When the kernel dies, the computer stops. Because the kernel manages everything.

• Linux: Kernel Panic
• Windows: Blue Screen of Death (BSOD)
• macOS: Kernel Panic (reboot screen)

When I first saw Kernel Panic on a server, the log showed this:

Kernel panic - not syncing: VFS: Unable to mount root fs on unknown-block(0,0)

Roughly meaning: "Couldn't find root filesystem. I'm dying."

After this experience, I accepted "kernel is god". When kernel dies, it's just over.

dmesg: Listening to What Kernel Says

The kernel logs something when booting, and whenever hardware is connected. The command to see this is dmesg.

dmesg | tail -20  # See last 20 lines

Example output:

[    1.234567] usb 1-1: New USB device found, idVendor=046d, idProduct=c52b
[    1.234568] input: Logitech USB Receiver as /devices/pci0000:00/usb1/1-1/input0
[   10.567890] EXT4-fs (sda1): mounted filesystem with ordered data mode

When you plug in a USB mouse, it shows up in dmesg immediately. At first, I didn't know why this was needed, but it's really useful for debugging hardware issues.

Docker and Kernel Sharing: Container Secret

When I first used Docker, I had a question: "What's different from virtual machines?"

The key difference is the kernel.

• Virtual Machine (VM): Guest OS has its own kernel.
• Docker Container: Shares host OS's kernel.

For example, running a Linux Docker container on macOS?

• macOS is not Linux kernel (XNU kernel).
• Docker runs a lightweight Linux VM behind the scenes.

The moment this clicked was when I wondered "Why does uname -r in Docker show host kernel version?"

# On host
uname -r
# 5.15.0-56-generic

# Inside Docker container
docker run -it ubuntu bash
uname -r
# 5.15.0-56-generic (same!)

Containers are light and fast because they share the kernel. But security-wise, they're weaker than VMs. (If kernel is breached, host is breached too)

eBPF: Extending Kernel Without Touching It

A new technology I recently learned is eBPF (extended Berkeley Packet Filter).

Traditionally, extending the kernel required writing kernel modules. But kernel modules are dangerous. If they have bugs, the whole system crashes.

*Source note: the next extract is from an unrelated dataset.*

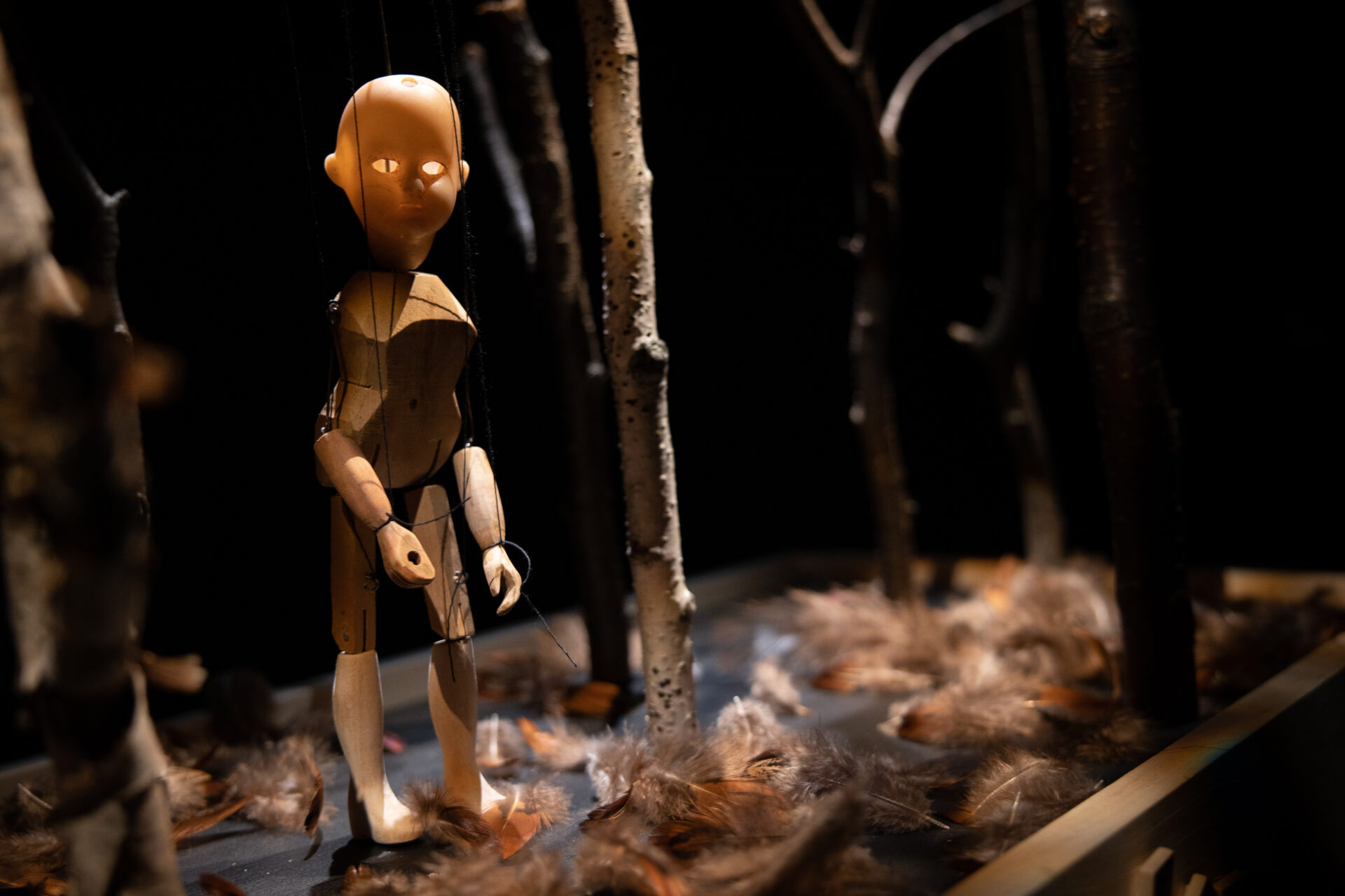 Avec « Réminiscence », Sophie Deslauriers questionne le rapport à la performance dans le théâtre de marionnettes. Curieuse d’explorer différentes possibilités de représentations et d’interactions avec le public, elle crée une installation performative composée de tableaux animés. Dans un univers mystérieux et onirique, elle vous invite à découvrir un théâtre miniature inspiré par les paysages nordiques de la forêt dans lesquelles évoluent les personnages sortis tout droit d’un conte. Elle nous parle de l’enfance, de la mort, du deuil, et de la résilience, à travers une narration visuelle épurée. On assiste alors à un spectacle tout en finesse sur la métamorphose, le passage de l’enfance à la vie adulte, la fragilité de la vie.

eBPF allows inserting safe sandbox programs inside the kernel.

For example:

• Filter network packets (firewall role)
• Trace system calls (monitoring)
• Performance profiling

# Trace system calls with eBPF (using bpftrace)
sudo bpftrace -e 'tracepoint:syscalls:sys_enter_openat { printf("%s opened %s\n", comm, str(args->filename)); }'

Running this shows in real-time which programs are opening which files.

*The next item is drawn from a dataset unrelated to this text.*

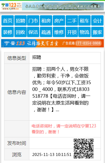 招聘:招两个人,男女不限,勤劳利索,干净,会做饭优先;年令50岁以下,工资3500_4000,联系方式18303518778 【电话咨询时,请一定说明在太原生活网看到的,谢谢!】 |

eBPF is used in Kubernetes networking (Cilium), security tools (Falco), monitoring (Pixie). The idea of "extending kernel without kernel modules" was so brilliant, I want to dive deep.

Why Linux Rules Servers

Linux is a Monolithic Kernel. Servers have these characteristics:

1. Fixed hardware specs: Don't suddenly plug/unplug USB.
2. Peak performance (speed) matters: 1ms latency affects revenue.
3. Stability covered by monitoring: If it crashes, auto-restart.

So even if it's bulky and harder to maintain, performance-beast monolithic Linux dominates the server market.

99%+ of AWS, Google Cloud, Azure run on Linux kernel.

Summary

At first, I started with "What's the difference between OS and Kernel?" Now I summarize it like this:

• Kernel is the Core of OS and the Absolute Ruler of hardware.
• Ring 0 (Kernel Space) and Ring 3 (User Space) are the caste system divided by CPU.
• System call is the only way user programs ask the kernel for help.
• Monolithic kernel is fast but unstable, micro kernel is stable but slow. Modern is hybrid mixing both.
• Linux dominates servers because of speed.
• Docker shares host kernel to be lightweight, eBPF extends kernel safely.

In the end, this was it: Kernel is the engine of the computer. When engine stops, the car is scrap metal.